Europa Press/Contacto/Luis Barron
MADRID 21 jan. (EUROPA PRESS) - A presidente do México, Claudia Sheinbaum, rejeitou que a extradição de 37 pessoas para os Estados Unidos nas últimas horas seja uma resposta às pressões de Washington, num momento em que a Casa Branca endureceu o tom em sua luta contra os cartéis, e argumentou que se trata de “uma decisão soberana”.
Sheinbaum explicou que este tipo de decisões são tomadas após analisar todas as considerações relativas à política e à segurança nacional do país. “O México está em primeiro lugar acima de tudo”, sublinhou esta quarta-feira durante a sua habitual conferência de imprensa matinal.

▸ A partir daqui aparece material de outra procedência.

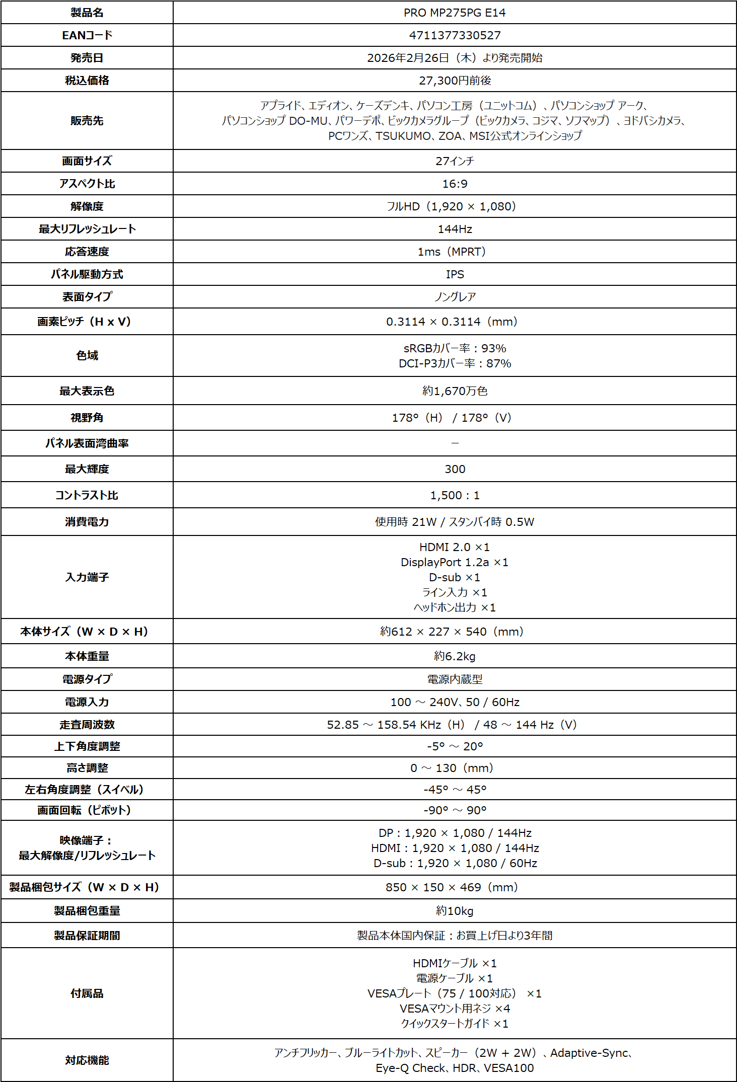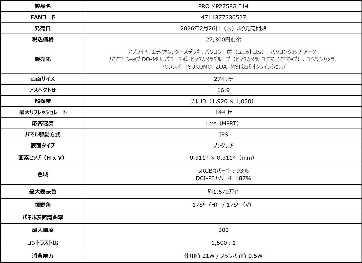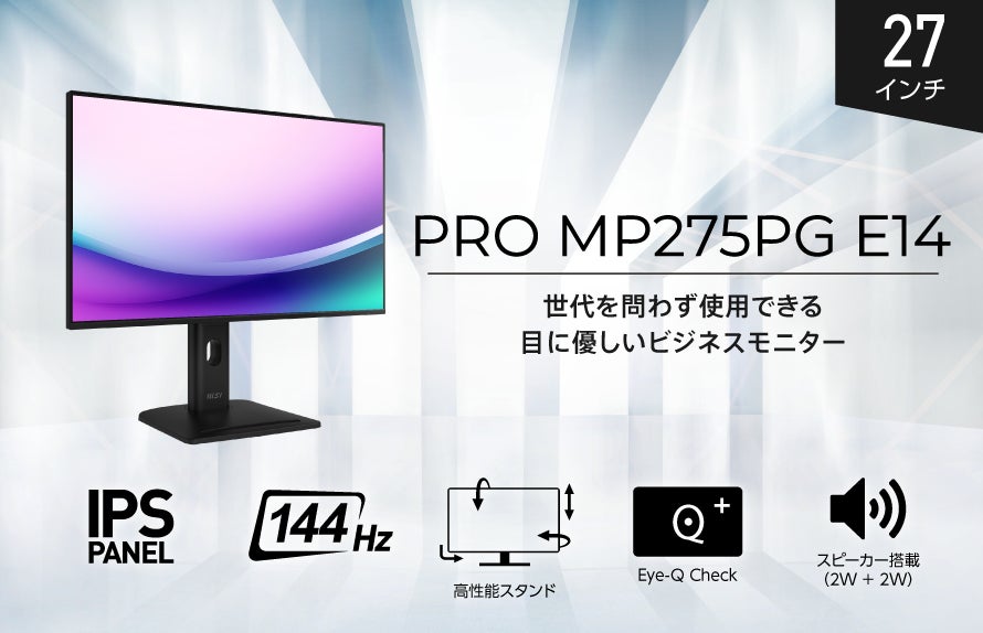 この度、エムエスアイコンピュータージャパン株式会社は2026年2月26日(木)より、ビジネス向けモニターの新モデルを発売いたします。大きな画面で見やすい27インチ、リフレッシュレート144Hz表示に対応した高画質IPSパネル、高性能スタンドやスピーカー、対応したPCとの電源連動など多彩な機能を備え、効率的なワークスペース構築を支援するビジネスモニター「PRO MP275PG E14」が新たにラインナップに加わります。
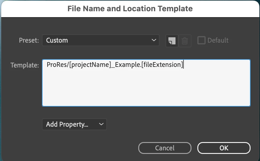 For example, if I use my custom Prores422 preset, that would automatically add something like "_Example" in the end of the file name.
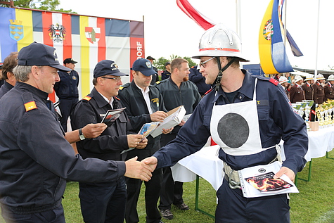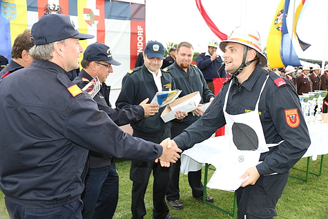 Zahlreiche Gäste, Feuerwehrkameraden und Funktionäre, allen voran Bezirksfeuerwehrkommandant LFR Ing. Richard Feischl und sein Stellvertreter BR Christian Giwiser, zeigten großes Interesse für die Leistungen der Feuerwehrjugend und freuten sich über den Einsatzwillen und die Begeisterung der Jugendlichen.
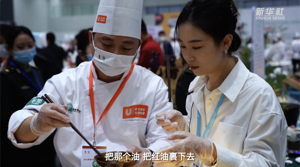 新华社小姐姐在大会现场带你感受川菜的“火辣”魅力。
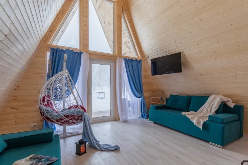 В гостиной есть ТВ, подвесной кокон и раскладные диваны
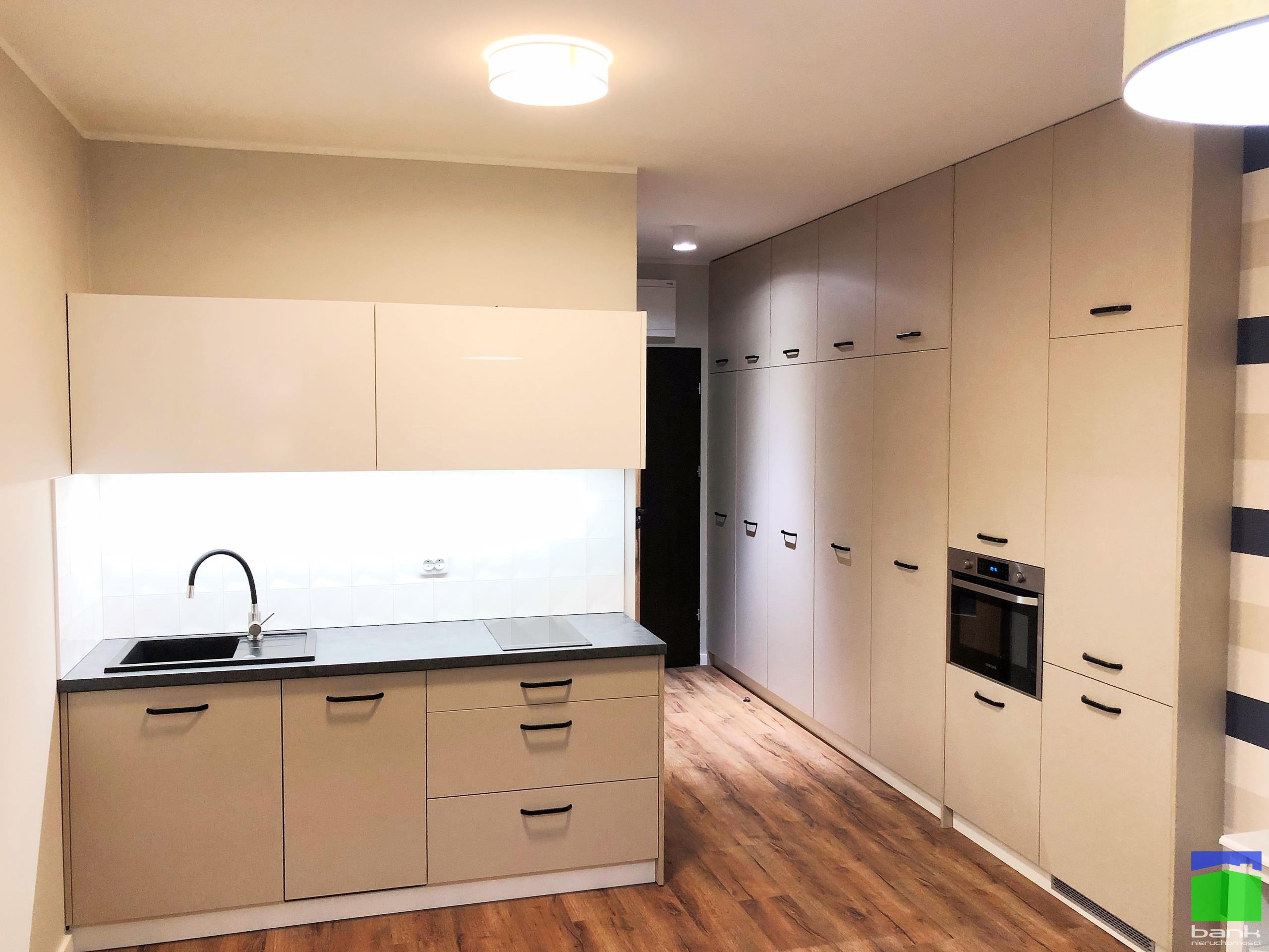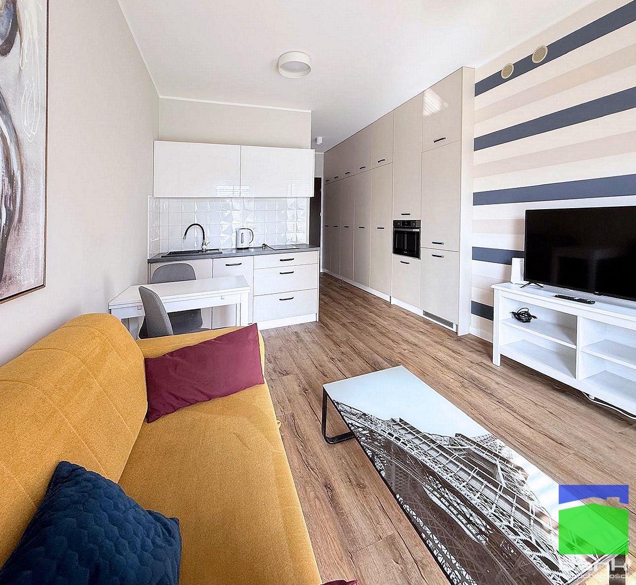 Pokój dzienny z aneksem kuchennym i wyjściem na przestronny balkon.

Nesse sentido, a presidente mexicana negou que essa decisão tenha relação com a última ligação telefônica que teve com seu homólogo americano, Donald Trump, mas sim com as conversas dos grupos de trabalho sobre segurança de ambos os países. “Não é ‘vocês pedem e pronto’. Há uma análise sobre se é importante para o México, se há colaboração, quais são os perfis. É uma relação de coordenação e colaboração”, explicou Sheinbaum, que detalhou que, embora muitos desses 37 fossem extraditáveis, cada caso é analisado de forma particular. Na véspera, as autoridades mexicanas informaram a extradição de 37 membros de diferentes organizações criminosas “que representavam uma ameaça real à segurança do país” a pedido do Ministério Público dos Estados Unidos.
Entre os presos enviados aos Estados Unidos estão alguns líderes proeminentes do crime organizado, como José Gerardo Álvarez Vásquez, conhecido como “El Indio” ou “El Chayan”, considerado líder do Cartel Beltrán Leyva; ou o segundo no comando dessa organização, Pedro Inzunza Noriega, conhecido como “El Señor de la Silla”.